__Task goal__
Reproduce the listing word for word. Skip any image.

__Source data__
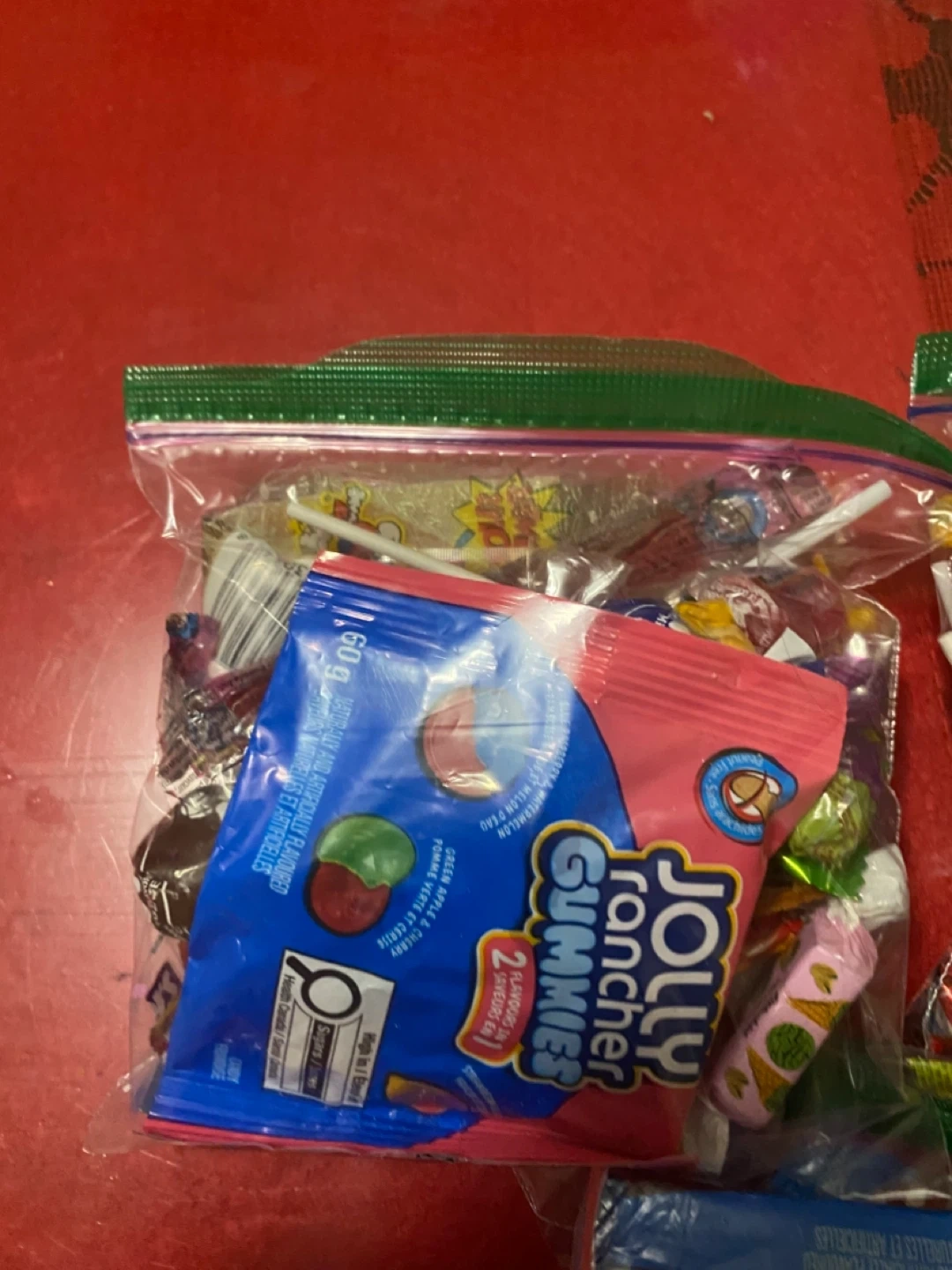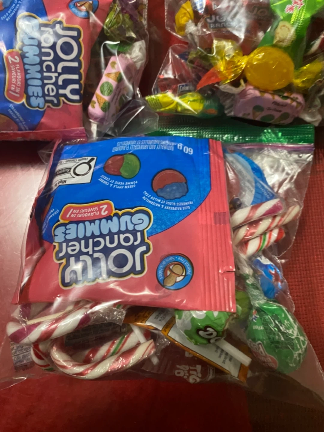 I have bags of mixed candy available! Each bag contains a variety of treats, including Jolly Rancher gummies and other assorted candies. These are from the last holloween and Christmas holidays
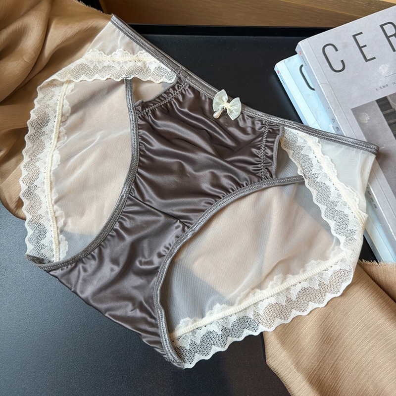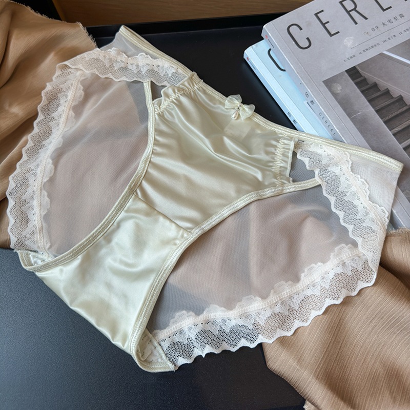 여성을위한 프랑스 레이스 속옷 하이 엔드 섹시한 2025 새로운 원활한 얼음 실크 새틴 얇은 메쉬 삼각형 반바지
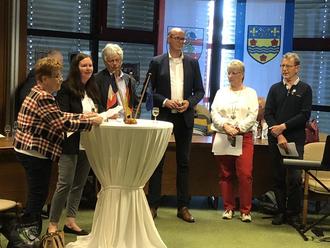 Nach einem kurzen Intermezzo mit vom Chor “Vokalensemble“ vorgetragenen Musikstücken ergriff die Vertreterin von Bürgermeister Landais aus Saint-Pierre-lès-Nemours (Monique Breysach) das Wort und überbrachte Grüße und Glückwünsche der Stadt Saint-Pierre-lès-Nemours. Hier schloss die Rede des Président du Jumelage (Jean Turpin) an bevor nach weiteren Liedvorträgen des Chors (unter anderem mit dem “Ohrwurm“ Aux Champs Élysée) die Vorsitzende des Freundeskreis Bad Hönningen - Saint-Pierre-lès-Nemours das Wort ergriff und in ihrer unkonventionellen Art allen Beteiligten ihren Dank aussprach und darauf hinwies, dass man bei dem folgenden Mittagessen auf ein Dessert verzichtet habe, um nach dem Buffet mit - typisch deutsch - Kaffee und Kuchen in den Nachmittag hinüberzugleiten.
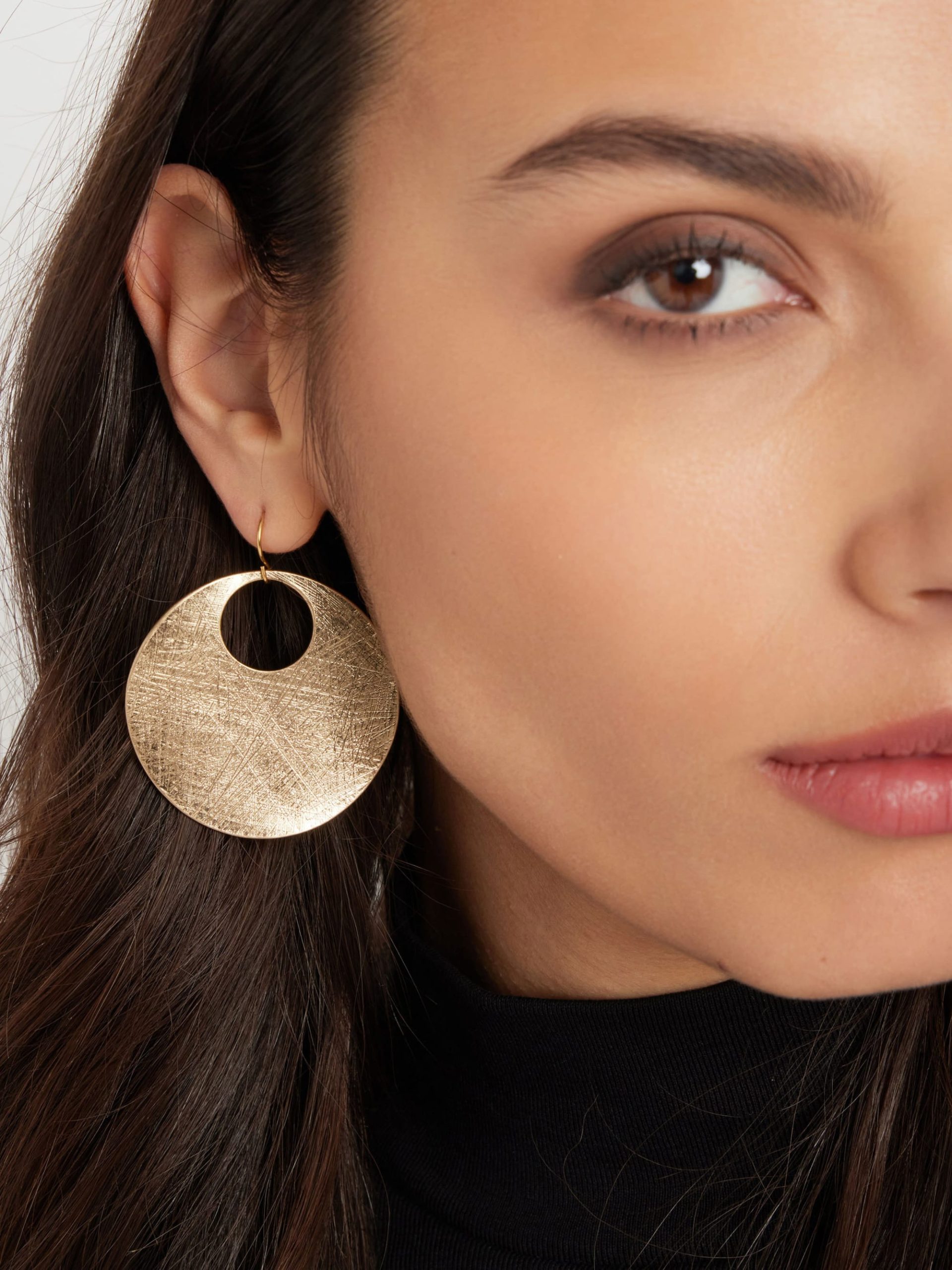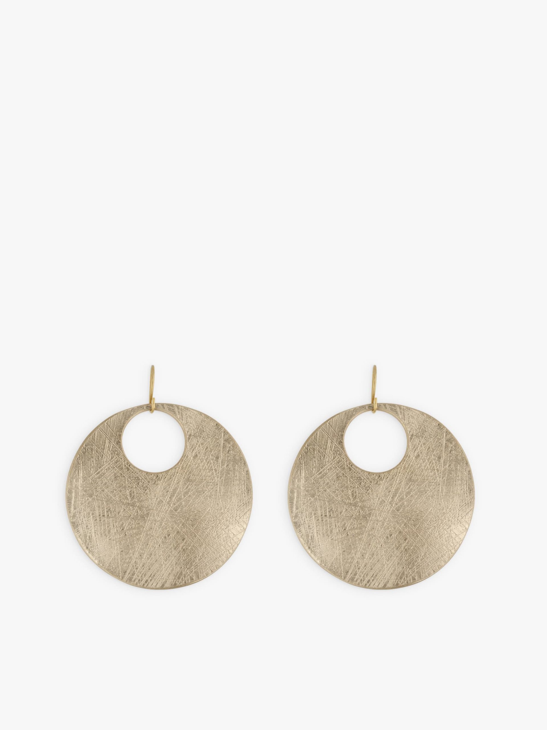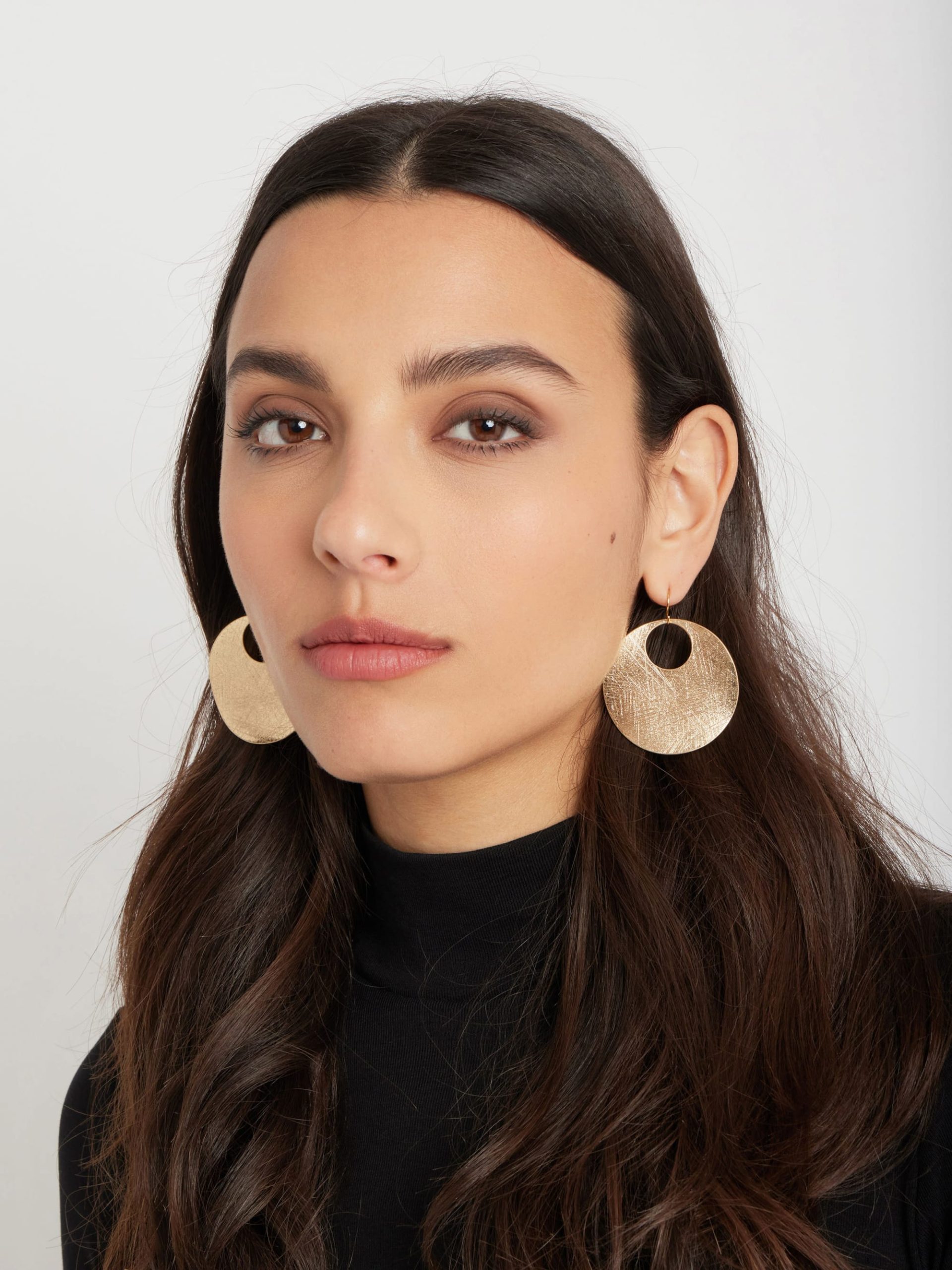 The Lotus earrings feature bold, circular medallions with a distinctive scratched texture, adding depth and character to their minimalist design.

__Problem solution__
 I have bags of mixed candy available! Each bag contains a variety of treats, including Jolly Rancher gummies and other assorted candies. These are from the last holloween and Christmas holidays
 여성을위한 프랑스 레이스 속옷 하이 엔드 섹시한 2025 새로운 원활한 얼음 실크 새틴 얇은 메쉬 삼각형 반바지
 Nach einem kurzen Intermezzo mit vom Chor “Vokalensemble“ vorgetragenen Musikstücken ergriff die Vertreterin von Bürgermeister Landais aus Saint-Pierre-lès-Nemours (Monique Breysach) das Wort und überbrachte Grüße und Glückwünsche der Stadt Saint-Pierre-lès-Nemours. Hier schloss die Rede des Président du Jumelage (Jean Turpin) an bevor nach weiteren Liedvorträgen des Chors (unter anderem mit dem “Ohrwurm“ Aux Champs Élysée) die Vorsitzende des Freundeskreis Bad Hönningen - Saint-Pierre-lès-Nemours das Wort ergriff und in ihrer unkonventionellen Art allen Beteiligten ihren Dank aussprach und darauf hinwies, dass man bei dem folgenden Mittagessen auf ein Dessert verzichtet habe, um nach dem Buffet mit - typisch deutsch - Kaffee und Kuchen in den Nachmittag hinüberzugleiten.
 The Lotus earrings feature bold, circular medallions with a distinctive scratched texture, adding depth and character to their minimalist design.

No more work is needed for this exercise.